Я не сразу понимаю, зачем всё это нужно. Чуть погодя всё разъясняется. Подозреваемый в пьянке воин дышит уже всем нутром. Сержант подзывает двух патрульных, они вслух свидетельствуют, что-де от задержанного "распространяется запах алкоголя" и подписывают протокол. В этом деле нужны, надо понимать, порядок и справедливость - без протокола человека не имеют права посадить за рештку даже на одну ночь.
Говоря откровенно, я был ещё так наивен, что в первые секунды, когда увидел на месте дежурного не офицера, а сержанта, встрепенулся. Я подумал: свой брат, срочник, он же поймёт, что я трезвый, а пивной запах - это только для офицеров преступление. Ведь не может он оказаться такой шкурой, такой сволочью, чтобы такого же солдата, как и он, только с другими эмблемами, подвести под монастырь. Я даже в тот первый момент забыл, что привели-то меня сюда вообще рядовые псы...

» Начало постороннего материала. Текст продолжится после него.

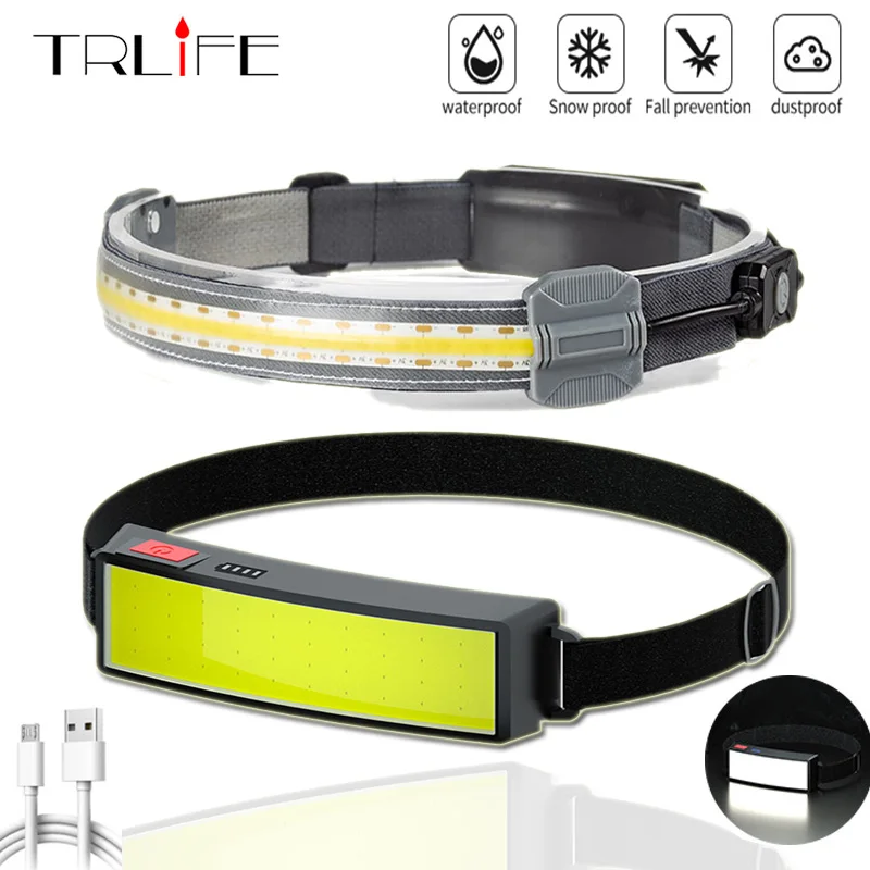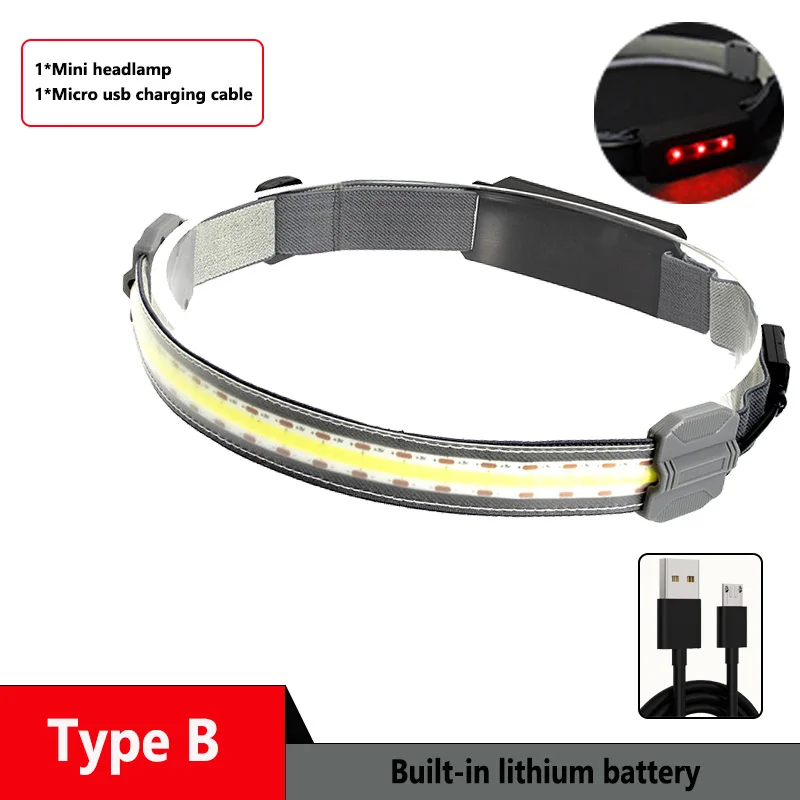 Новинка 2021, стильный налобный фонарь, портативный светодиодный мини-фонарь COB со встроенным аккумулятором, фонарик с USB-зарядкой, налобный фонарь для походов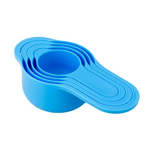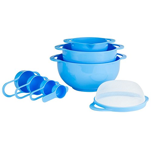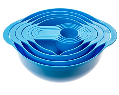 Set of 8 Compact Nesting Mixing Bowl Set Measuring Tools Sieve Colander Food Prep Plastic Dishwasher Safe Non-Slip, 8-Piece, By Intriom (Blue)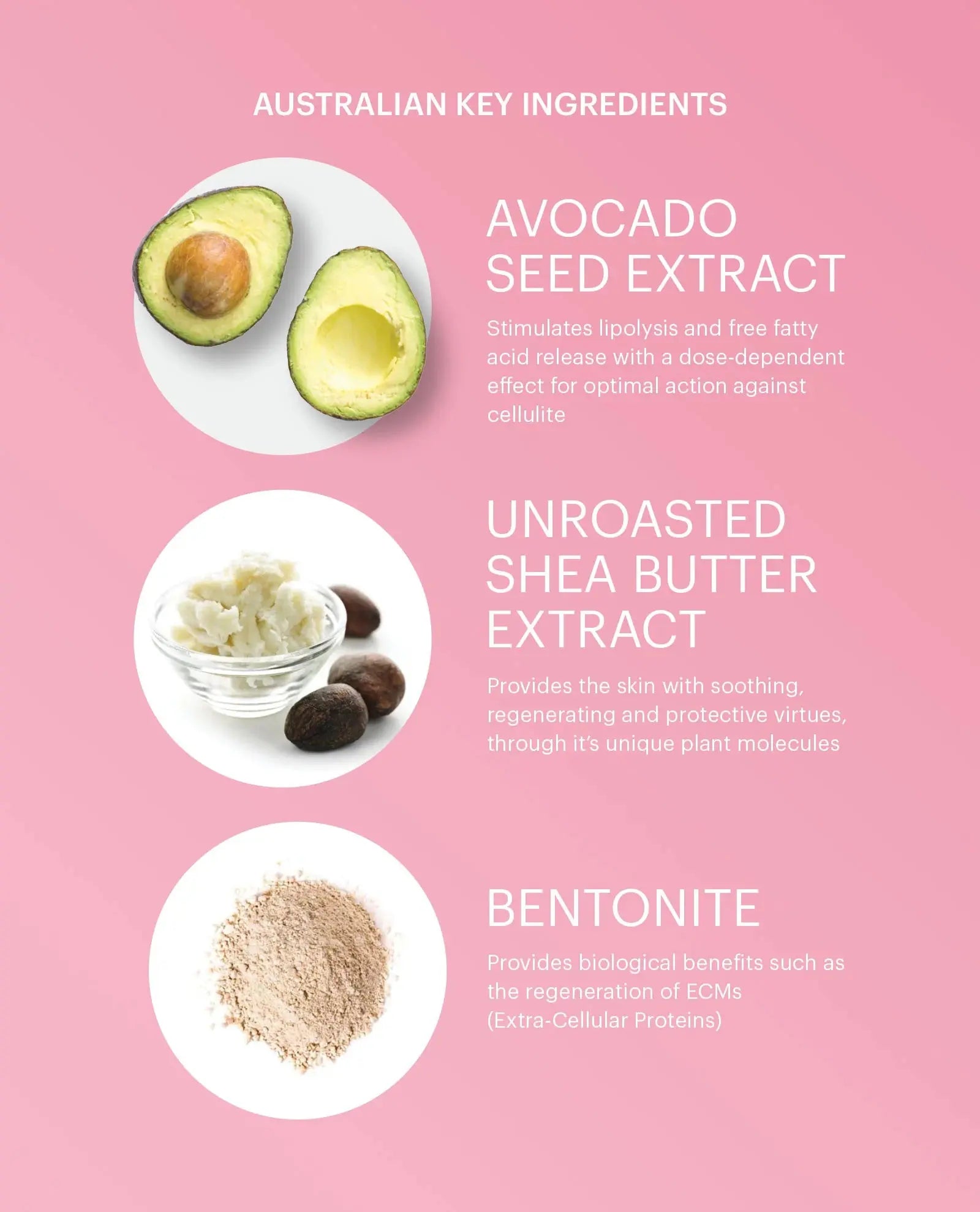 Aqua, Glycerin, Persea Gratissima Oil, Prunus Armeniaca Kernel Oil, Undecane, Tridecane, Cetearyl Olivate, Butyrospermum Parkii Butter, Caprylic/Capric Triglyceride, Cetearyl Alcohol, Sorbitan Olivate, Tocopherol, Cetyl Alcohol, Polysorbate 20, Bentonite, Parfum, Theobroma Cacao Seed Butter, Stearic Acid, DMDM Hydantoin, Carbomer, Butyrospermum Parkii Butter Extract, Persea Gratissima Fruit Extract, Alcohol, Terminalia Ferdinandiana Fruit Extract, Xanthan Gum, Potassium Sorbate, Centella Asiatica Extract, Citric Acid, Citronellol, Geraniol, Limonene, Linalool.
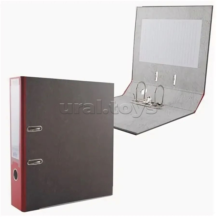 Папка с арочным механизмом "Attomex" A4 75 мм мраморная картонная разобранная, корешок из PVC, наварной карман с этикеткой, металлическая окантовка, запечатка форзаца, запечатка форзаца, красная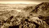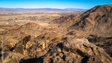 Joshua Tree National Park Hiking Trail Landscape Series, twisted, bristled Joshua trees over arid desert meadow, Twentynine Palms, Southern California, USA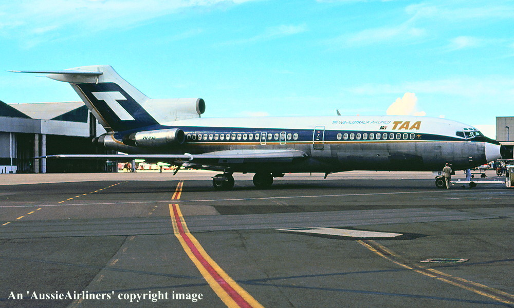 VH-TJB. TAA Trans Australia Airlines - 'John Forrest' in the standard livery at Sydney Kingsford Smith Airport, January 1978. (R. N. Smith Copyright Image 4610-522.) |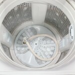 本体外観には日常使用に伴う擦れや小キズ、軽度の汚れが見られましたが、大きなへこみや破損はありませんでした。洗濯槽内部は清潔な状態が保たれており、嫌なニオイやカビの付着も見受けられません。給水・排水ホースも付属しており、動作確認では洗い・すすぎ・脱水ともに問題なく作動しました。外観に使用感はあるものの、実用面では良好な状態でした。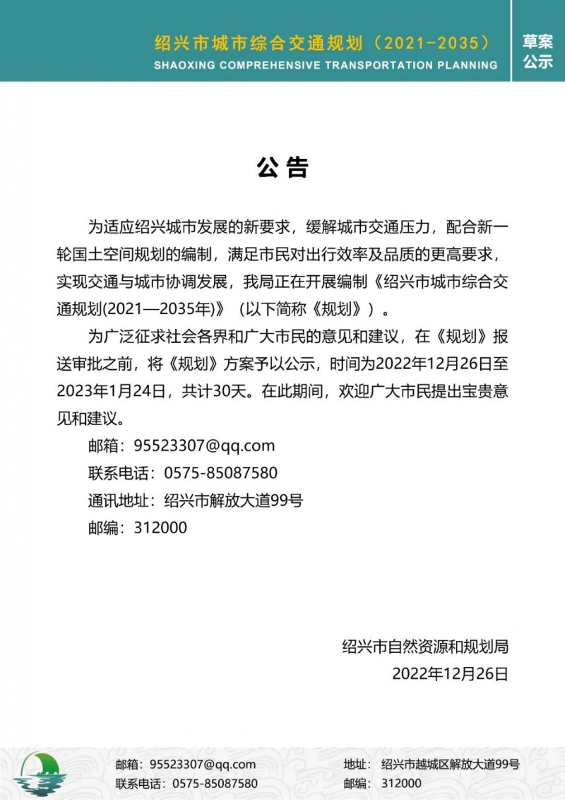 12月26日,紹興市自然資源和規(guī)劃局網(wǎng)發(fā)布《紹興市城市綜合交通規(guī)劃(2021-2035年)》(草案)公示。其中,規(guī)劃2035年軌道交通線網(wǎng)由8條線組成,總規(guī)模278公里。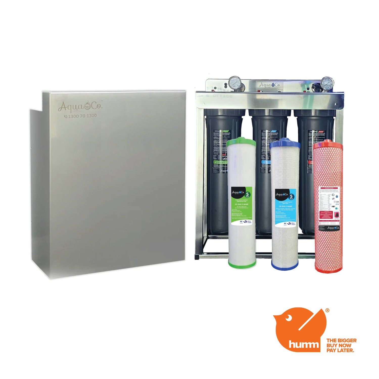 The AquaCo Premium Three Stage Whole House Water Filter is Australia's Most Advanced Whole House Filtration System. With three filtration stages and large 20" x 4.5" filters, this Premium Three Stage Whole House Water Filter. Backed by laboratory testing, our Premium 3 Stage Filtration System is capable of reducing over 199 different contaminants from your water including chlorine, heavy metals, rust, pesticides, and scale build up.

Но, внимательно просмотрев сцену, чем-то даже напомнившую мне известную картину Иогансона "Допрос коммуниста", я мысленно про себя охнул: так вот что такое - ганс!
Разумеется, когда подошла моя очередь и меня спросили: "Пил?", - я сразу же разумно ответил:
- Выпил чуток.
- Протокол подпишешь?
- Подпишу.
И вскоре с выпотрошенными карманами и без ремней очутился в камере с деревянным полом, бетонными шершавыми стенами и решёткой из толстых прутьев до потолка, как в зверинце, позволяющей дневальному гансу из коридорчика наблюдать клиентов.
Камера оказалась переполненной - видимо, многие сапёры отметили день солдатской получки жертвоприношением Бахусу. В клетушку примерно три на три метра умудрились напихать не менее двадцати человек. Некоторые, самые блатные деды и вдрызг пьяные сапёры, лежали по углам на полу, другие сидели, поджав ноги, а двум-трём самым молодым и тихим приходилось даже стоять, по очереди сменяя друг друга. Тусклый свет слабого фонаря под потолком придавал мрачный вид картине. Тяжелейший смрад от портянок, перегара, тайно покуриваемых сигарет, мочи и мужского пота сгустился в такой плотный смог, что даже подташнивало и кружилась голова.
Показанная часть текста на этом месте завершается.